A trust is a way to accomplish this. In a sense it keeps your hand on the tiller of your financial ship even after you’re gone. An attorney can help you make a trust as part of an estate plan.
Life Insurance Is a Living Document.
While a life insurance policy is a contract, it’s important to remember that it’s not set in stone. It’s a living document—at least while the policyholder is alive—and its beneficiaries can be changed at any time with either a request form or online, says MassMutual’s Wallace. It’s a good idea to look it over at least once a year.
Your likes and dislikes can lead to change. For example, the child that steps up to the plate during an illness or injury while another sits the bench. Divorce and remarriage can also lead to change, particularly if there are new children to consider.
There are two scenarios when naming a beneficiary.
One is revocable, in which case the policyholder can change who they want at any time.
The other is irrevocable, and in this instance once named, someone can’t be removed from the policy.
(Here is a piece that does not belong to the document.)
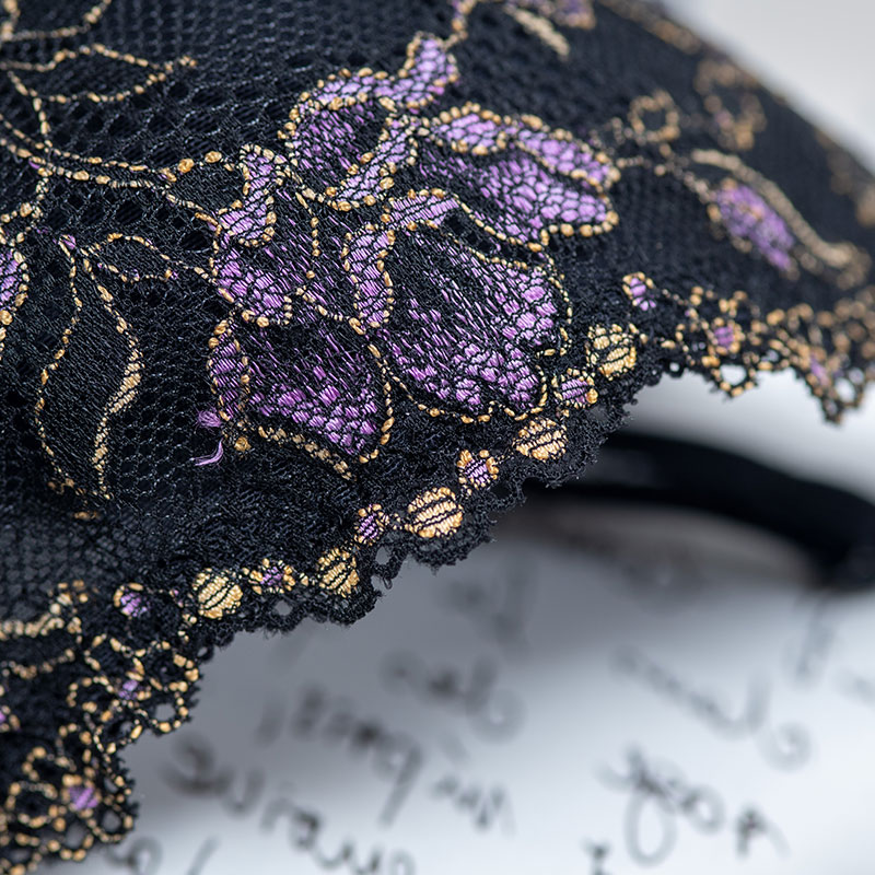 Die opulente 3-farbige japanische Spitze und das semitransparente Obercup zitieren die sinnlich-laszive Seite der Französin – und schlagen ein neues Design-Kapitel bei Rosa Faia auf.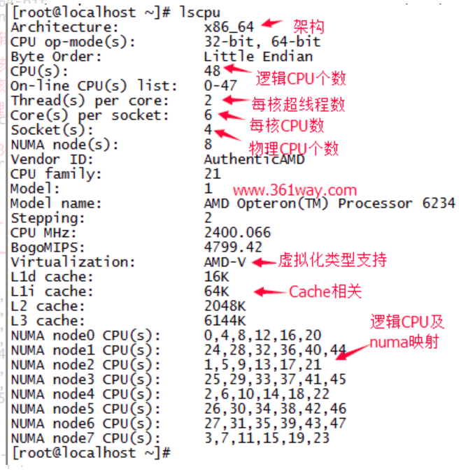 命令输出的信息包含cpu数量,线程,核数,套接字和Nom-Uniform Memeor Access(NUMA),缓存等

This might occur with a spouse who may worry about being kicked to the curb in a divorce/remarriage situation.
And speaking of divorce: A settlement might include a stipulation that one or both spouses maintain life insurance, especially if they’re going to owe alimony or child support.
Since your life can constantly change, and people can come and go, insurers recommend naming contingent beneficiaries. These are people or entities like charities that would receive the money if the primary beneficiary has died. This is something that should always be considered, especially if the spouse is a primary beneficiary, and the couple is growing old together.
Yes, the beneficiary is your choice, but it’s also an important choice, and it should never be made lightly. “It makes a statement,” says Wallace, “and it’s part of your legacy.”